Siber suç, sahtekarlık yönetimi ve siber suç
Grupun Github’daki kaynak kodunu taradığı bildirildi, kurtarılmış OAuth jetonları
Mathew J. Schwartz (Euroinfosec) •
18 Eylül 2025
Salesloft Drift kullanıcılarındaki veri tutma saldırılarının arkasındaki gaspçıların 760 şirketten 1,5 milyar Salesforce rekoru çaldığını iddia ediyor.

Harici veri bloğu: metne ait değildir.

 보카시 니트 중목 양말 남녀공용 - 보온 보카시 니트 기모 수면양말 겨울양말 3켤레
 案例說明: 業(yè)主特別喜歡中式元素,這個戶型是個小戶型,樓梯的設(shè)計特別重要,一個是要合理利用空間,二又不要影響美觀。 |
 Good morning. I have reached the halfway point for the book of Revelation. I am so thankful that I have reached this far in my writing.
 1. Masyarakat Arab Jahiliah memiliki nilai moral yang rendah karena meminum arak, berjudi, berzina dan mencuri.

Ayrıca bakınız: Ondemand | Kuzey Kore’nin Gizli It Ordusu ve Nasıl Savaşır
Bilgisayar korsanları takma adını kullanan Shinyhunters sorumluluk iddia etti. Gevşek siber suçlu kolektifler Spider ve Lapsus $ ile güçlerini birleştiren grup, şimdi toplu olarak kendilerine dağınık Lapsus $ avcılarını söylüyor. Veri hırsızlığı ve gasp konusunda uzmanlaşmaya devam ederler, bazen bir kuruluşun ortamında fidye yazılımı açığa çıkarırlar.
FBI Cuma günü, saldırganların Salesloft Drift Yapay Zeka Chatbot’u Salesforce örnekleriyle entegre etmek için kullandığı OAuth Jetons’ı çaldığını söyledi. Google’ın Tehdit İstihbarat Grubu daha önce saldırıların 8 Ağustos’ta başladığını ve 18 Ağustos’a kadar sürdüğünü ve yaklaşık 700 Salesloft müşterinin kurban düştüğünü bildirdi.

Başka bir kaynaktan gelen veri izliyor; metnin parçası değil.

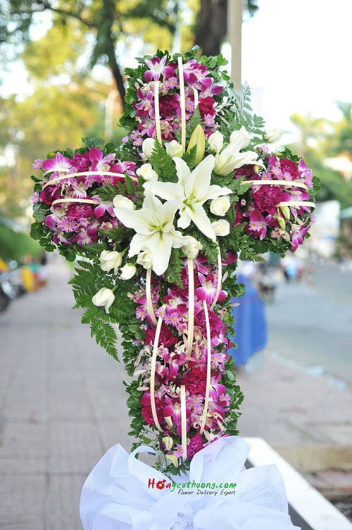 Bên cạnh đó, bạn cũng cần lưu ý việc chọn lựa các loại hoa mang ý nghĩa đặc biệt với người theo đạo Công Giáo. Theo truyền thuyết, Lily là loài đã hoa bao bọc trên mộ của Đức Mẹ Maria nên nó tượng trưng cho sự trong trắng, thuần khiết và là ánh sáng bên trong tâm hồn mỗi con người. Tương tự vậy, hoa cẩm chướng hồng cũng là loài hoa được sinh ra từ những giọt nước mắt của Đức Mẹ nên nó mang một ý nghĩa vô cùng to lớn. Ngoài ra, người ta vẫn thường sử dụng thêm hoa cúc hay hoa lan trắng như biểu thị cho sự cảm thông và lời tiễn đưa đầy yêu thương gửi đến người vừa qua đời.
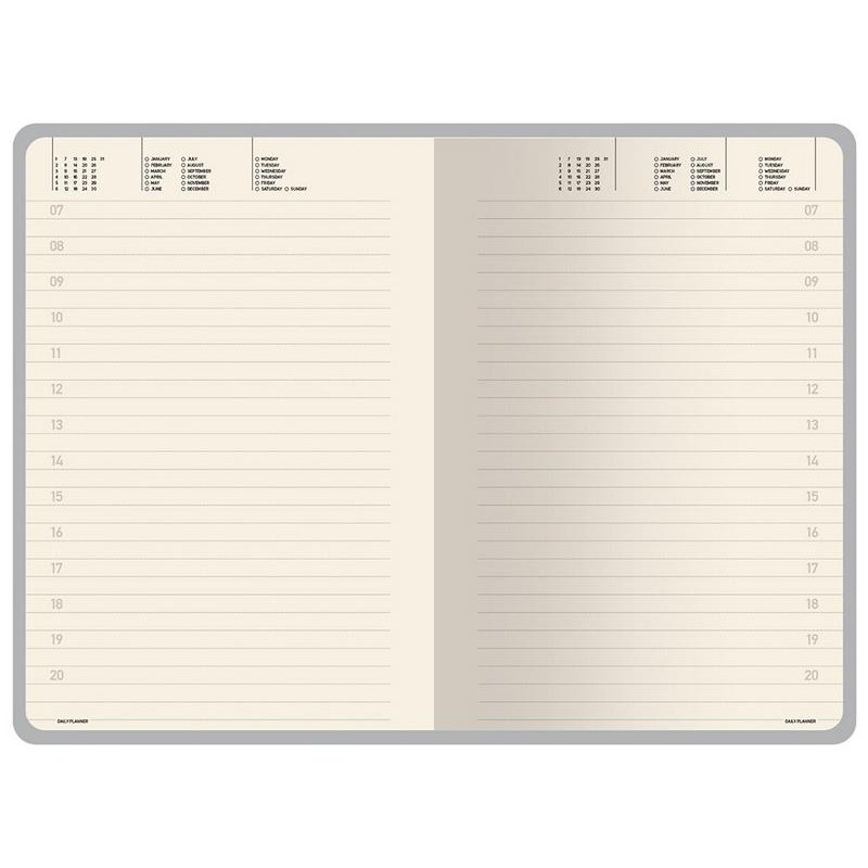 Недатированные страницы в серую линейку имеют отдельное место для проставления числа месяца и дня недели. Справочный блок на 17 страницах содержит полезную информацию из различных областей.

Shinyhunters Çarşamba günü BleepingComputer’a üyelerinden birinin Salesloft’un GitHub deposunu ilk kez ihlal ettiğini ve özel kaynak koduna eriştiğini söyledi. Ücretsiz, meşru Trufflehog güvenlik aracını kullanarak kodu taradılar. Trufflehog, API anahtarları, veritabanı şifreleri ve GIT depoları, sohbetler, wikiler ve diğer veri depolarına giren özel şifreleme anahtarları gibi sızdırılmış kimlik bilgilerini bulmak, doğrulamak ve analiz etmek için tasarlanmıştır.
Shinyhunters, Trufflehog’un, sürüklenme e -posta platformlarını Salesforce örneğiyle entegre eden 760 Salesloft müşterisine erişimi kolaylaştıran OAuth jetonlarını köklendirdiğini söyledi.

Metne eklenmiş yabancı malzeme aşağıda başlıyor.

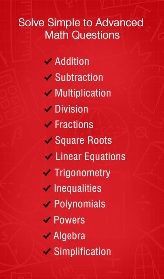 - Basit ve karmaşık örneklerin çözümleri (toplama, çıkarma, çarpma, kesirler, bölme, eşitsizlikler, karekökler, trigonometrik ifadeler, denklemler, çokgenlerin sadeleştirilmesi vb.)
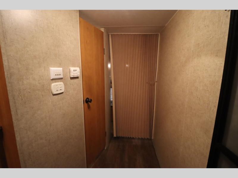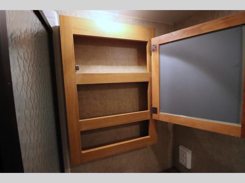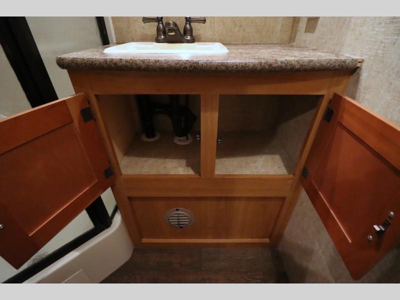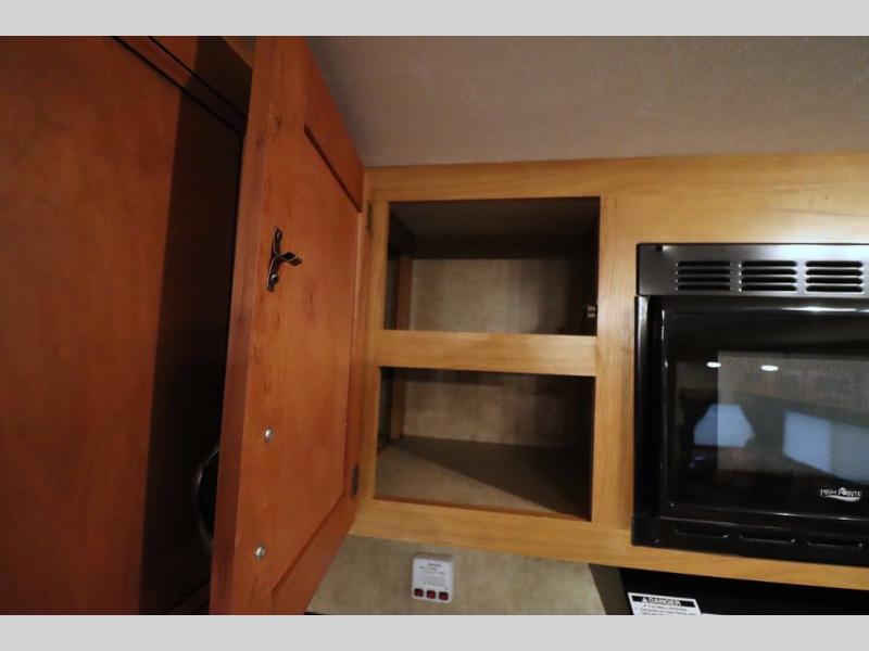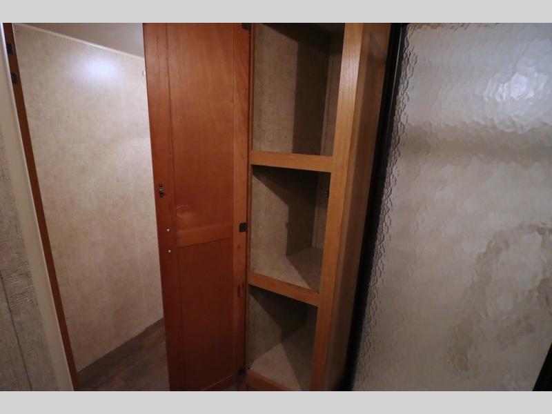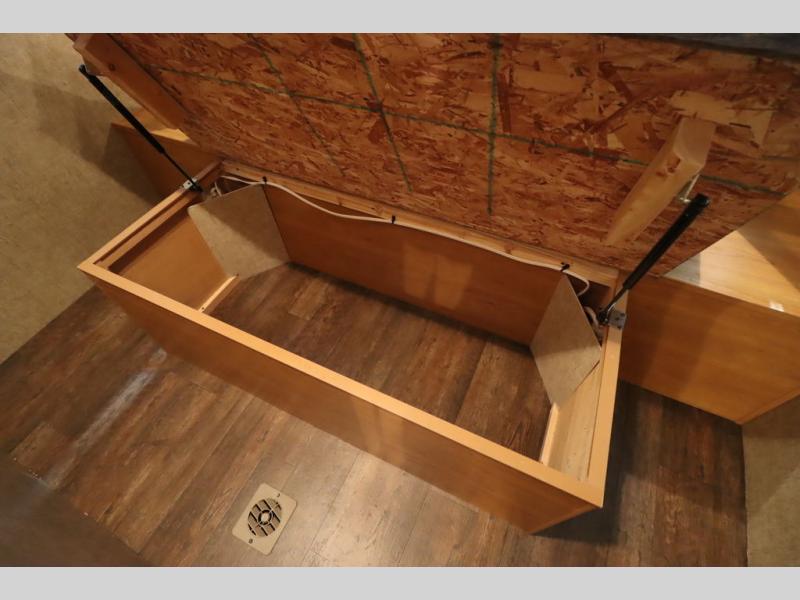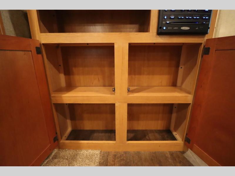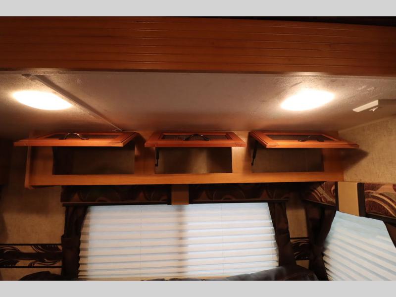 You will have plenty of storage space with all of the overhead cabinets and the front exterior trunk door.
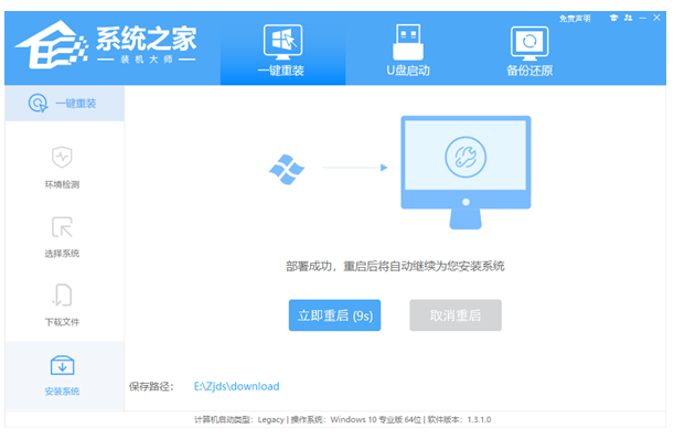 3、耐心等待软件部署环境完成后,点击立即重启电脑。
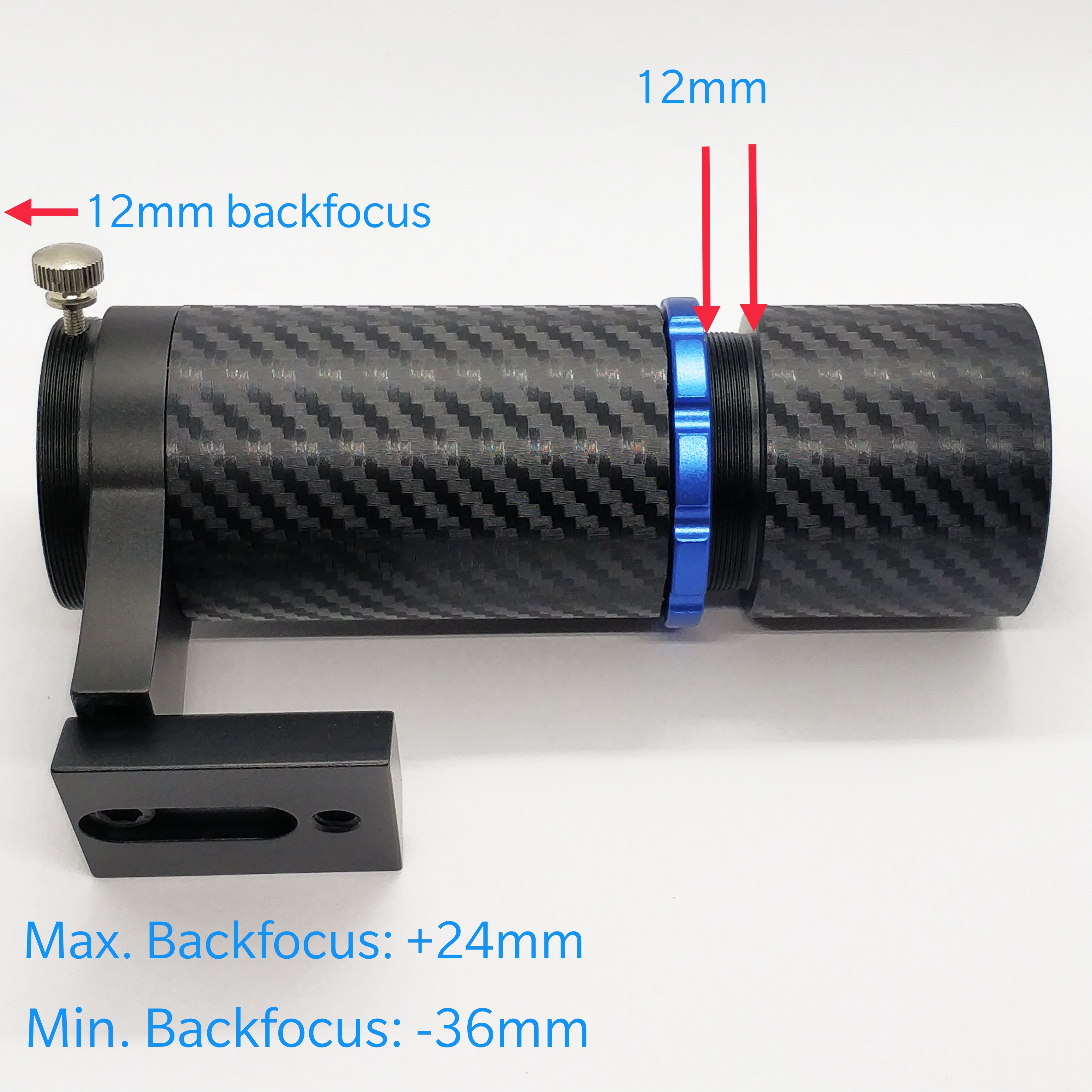 Der Guidescope kann mit praktisch ALLEN Guidekameras fokussiert werden, wo der Auflagemass zwischen +24mm (plus)  und -36mm (minus) liegt.
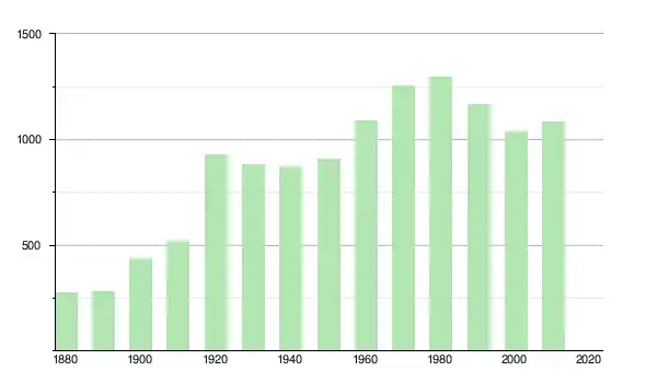| 1990 | 1 166 | ▼ −10,17 % | |

Salesloft, Perşembe günü saldırganların iddialarına ilişkin yorum talebine hemen yanıt vermedi.
Depolar içindeki jetonları veya diğer sırları aramak için bir Github hesabına girmek “Shinyhunters/Lapsus $/dağınık örümcek 2020’den (veya daha önce) kullandığı bir yöntemdir ve açıkça çalışıyor,” Hudson Rock kurucu ortağı Alon Gal, son bir Linkedin Post’ta söyledi.
Shinyhunters, çalınan kayıtların “yaklaşık 250 milyonu hesaptan 579 milyon, fırsattan 171 milyon, kullanıcıdan 60 milyon ve vaka satış kuvveti tablolarından yaklaşık 459 milyon kayıt olduğunu bildiren BleepingComputer ile verilerinin kanıtını paylaştı.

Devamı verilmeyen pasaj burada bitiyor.